WORK TO BE COMPLETED = Output the listing below verbatim, but drop the images.

RECORDS SUPPLIED =
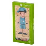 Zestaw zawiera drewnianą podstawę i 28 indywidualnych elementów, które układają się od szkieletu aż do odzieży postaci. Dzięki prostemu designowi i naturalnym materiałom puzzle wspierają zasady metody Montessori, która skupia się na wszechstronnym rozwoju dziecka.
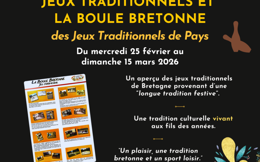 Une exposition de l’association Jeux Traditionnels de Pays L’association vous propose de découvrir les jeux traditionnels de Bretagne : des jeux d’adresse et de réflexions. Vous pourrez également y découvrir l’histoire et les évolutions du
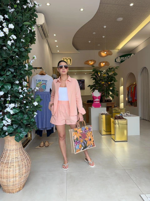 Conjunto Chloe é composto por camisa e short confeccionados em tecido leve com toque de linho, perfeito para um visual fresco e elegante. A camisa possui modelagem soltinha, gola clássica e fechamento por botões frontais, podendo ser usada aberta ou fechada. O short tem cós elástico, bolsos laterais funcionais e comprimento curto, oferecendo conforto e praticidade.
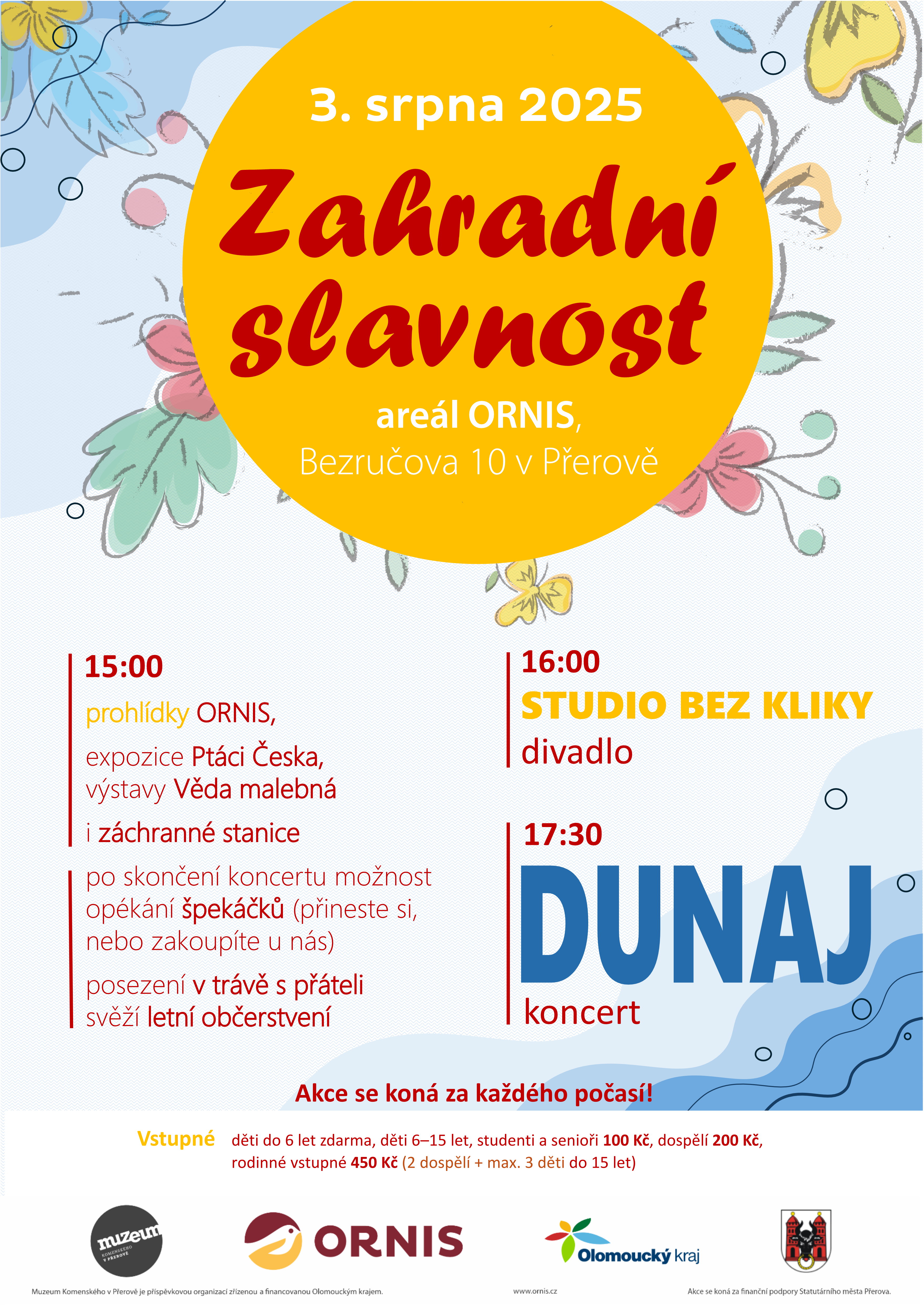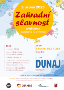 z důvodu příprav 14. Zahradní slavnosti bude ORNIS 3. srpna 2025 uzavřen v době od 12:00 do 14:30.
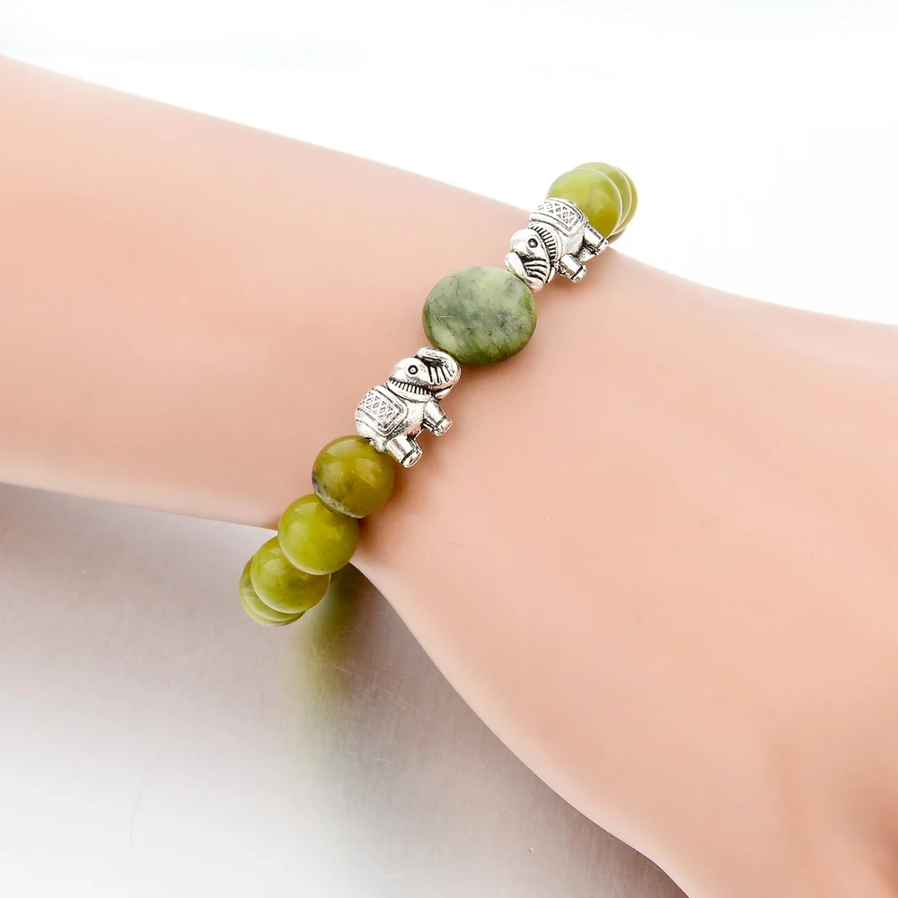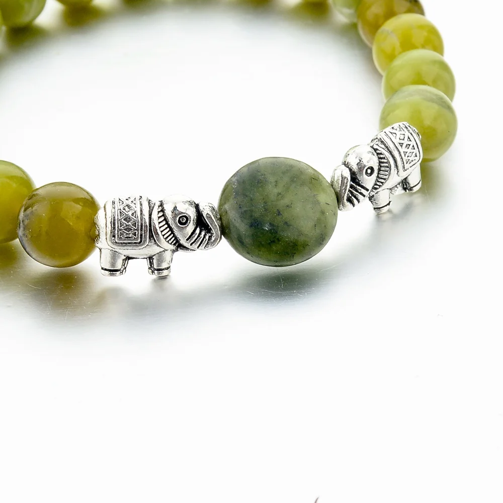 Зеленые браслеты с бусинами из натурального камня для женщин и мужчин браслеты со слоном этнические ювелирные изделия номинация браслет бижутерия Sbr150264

EXPECTED ANSWER =
 Zestaw zawiera drewnianą podstawę i 28 indywidualnych elementów, które układają się od szkieletu aż do odzieży postaci. Dzięki prostemu designowi i naturalnym materiałom puzzle wspierają zasady metody Montessori, która skupia się na wszechstronnym rozwoju dziecka.
 Une exposition de l’association Jeux Traditionnels de Pays L’association vous propose de découvrir les jeux traditionnels de Bretagne : des jeux d’adresse et de réflexions. Vous pourrez également y découvrir l’histoire et les évolutions du
 Conjunto Chloe é composto por camisa e short confeccionados em tecido leve com toque de linho, perfeito para um visual fresco e elegante. A camisa possui modelagem soltinha, gola clássica e fechamento por botões frontais, podendo ser usada aberta ou fechada. O short tem cós elástico, bolsos laterais funcionais e comprimento curto, oferecendo conforto e praticidade.
 z důvodu příprav 14. Zahradní slavnosti bude ORNIS 3. srpna 2025 uzavřen v době od 12:00 do 14:30.
 Зеленые браслеты с бусинами из натурального камня для женщин и мужчин браслеты со слоном этнические ювелирные изделия номинация браслет бижутерия Sbr150264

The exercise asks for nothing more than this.